In this example, I will generate a handful of states that occur linearly. The TransitionMatrix expects a list of values as the states or a string. If a string is passed, it treats each character in the string as a state.

```
import numpy as np
```

```
states_a = [np.random.choice(['A', 'B', 'C'], p=[0.2, 0.5, 0.3]) for i in range(1000)]
```

Passing the states into the matrix derives the frequencies and probabilities.

```
transition_matrix = TransitionMatrix(states_a)
```

### DataFrame¶

To obtain the matrix as a pandas dataframe we call the as_dataframe() method.

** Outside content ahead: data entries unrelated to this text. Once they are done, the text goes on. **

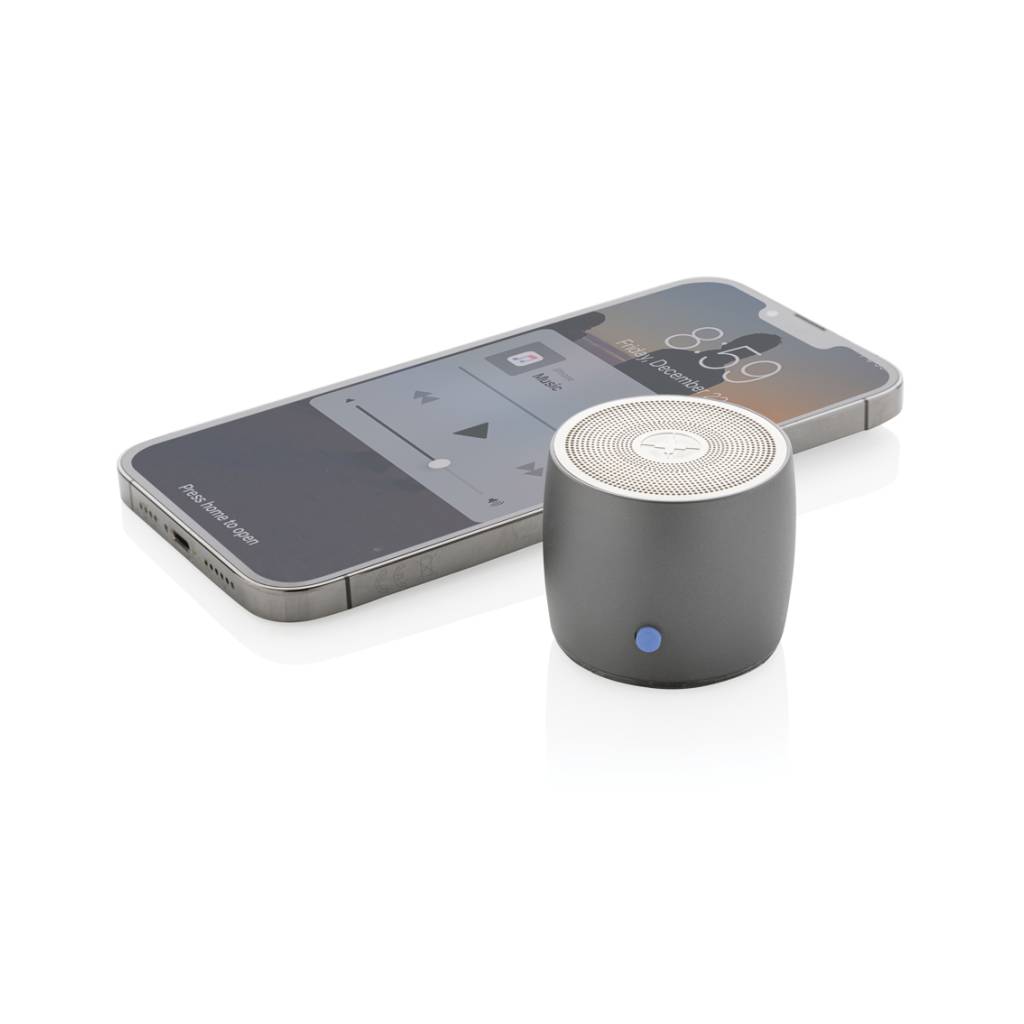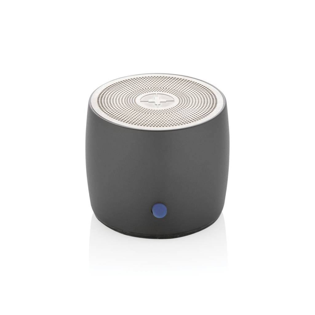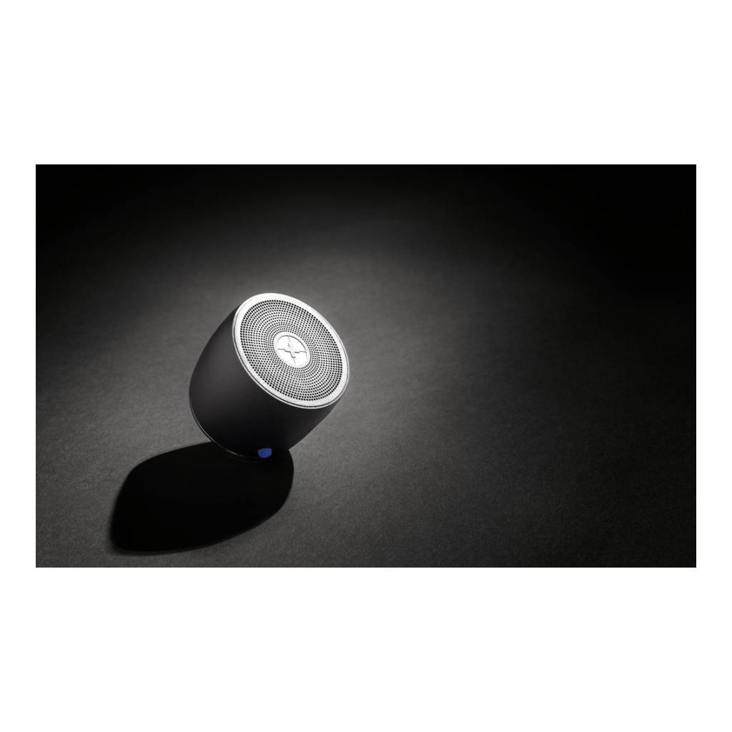 Mali, ali snažni bežični zvučnik od 3 W izrađen od recikliranog aluminija s certifikatom RCS (Recycled Claim Standard) i recikliranog ABS-a. Ukupni reciklirani sadržaj: 28% na temelju ukupne težine predmeta. RCS certifikat osigurava potpuno certificirani opskrbni lanac recikliranih materijala. Aluminij ne gubi svoje karakteristike u procesu recikliranja i može se neograničeno reciklirati. Uključujući reciklirani kabel za punjenje tipa C izrađen od recikliranog TPE s certifikatom RCS. Pakirano u FSC® mix ambalažu. Baterija od 500 mah omogućuje reprodukciju do 4 sata i može se u potpunosti napuniti za 2 sata. S BT 5.0 za glatku vezu do 10 metara. Predmeti i pribor bez PVC-a.
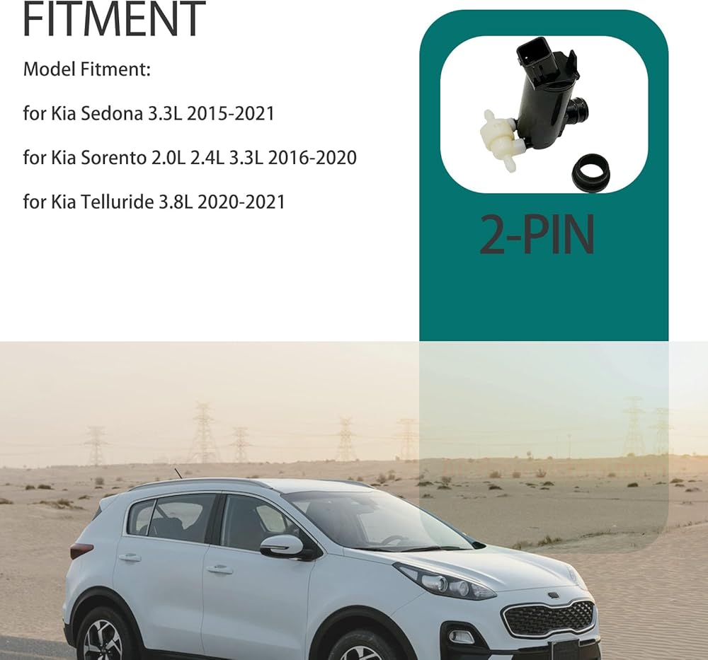 Model Fitment: Washer Pump for Kia Sedona 3.3L 2015-2021, for Kia Sorento 2.0L 2.4L 3.3L 2016-2020, for Kia Telluride 3.8L 2020-2021
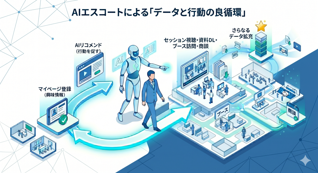 - AIリコメンドの価値: 参加者の行動ログ(インテントデータ)をAIが解析し、「次に見るべきセッション・行くべきブース」を自動提案することで、回遊率と商談化率が跳ね上がる。
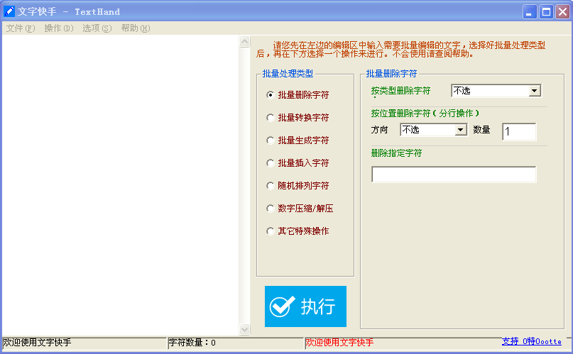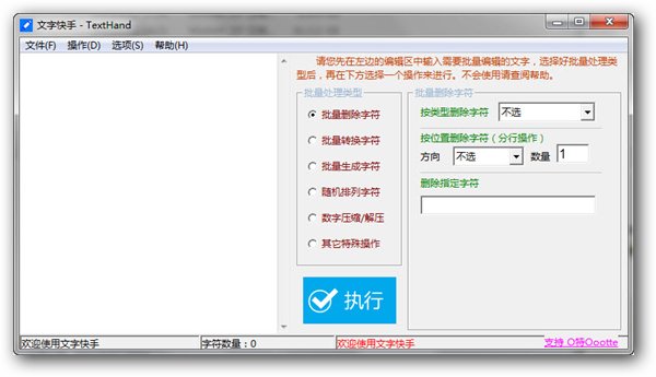 文字快手可对于大量文字进行批量编辑处理,含有如批量删除、批量转换、批量生成等非常实用的功能的文字批量处理软件。
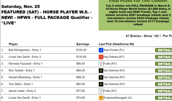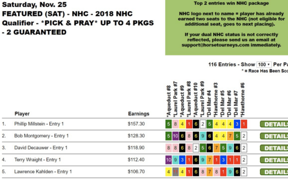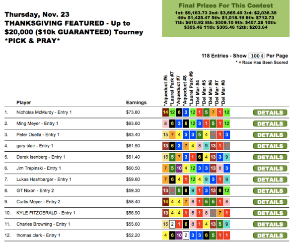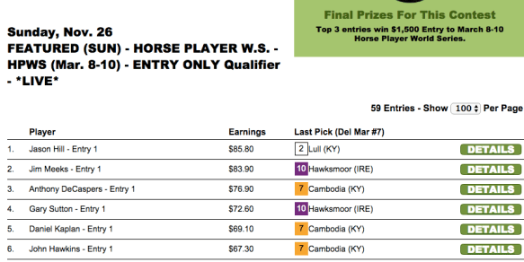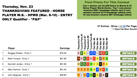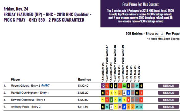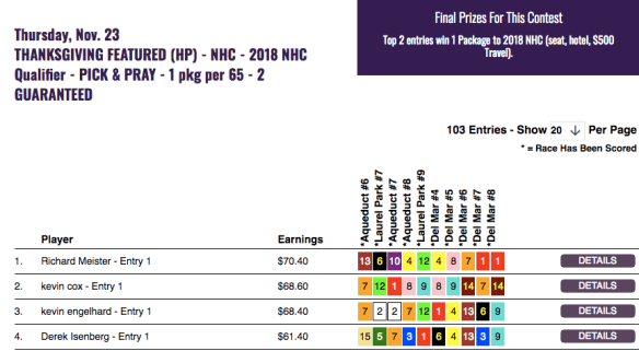 In Thanksgiving Day’s NHC qualifier at HorsePlayer, winner Richard Meister was another who seemed to subscribe to the “Fill up early in case they run out of food” philosophy. He hit three of the first five races to win his seat. But he wasn’t the most finicky eater at this particular table.

By default we show the frequencies, however we can also get the probabilities.

```
transition_matrix.as_dataframe()
```

```
transition_matrix.as_dataframe(prob=True)
```

### Visualize¶

We are able to visualize the transition matrix as a Digraph by calling the as_graph() method. If we wanted to export a dotfile, we can call the as_dotlang() method to obtain the dotlang string.

```
transition_matrix.as_graph()
```

### Filtering¶

Filtering is easily accomplished with a pandas dataframe.

```
df = transition_matrix.as_dataframe(prob=True)
```

```
df[df > 0.2]
```

You can see that we filtered on a probability of 0.2 creating a NaN probability between C and A.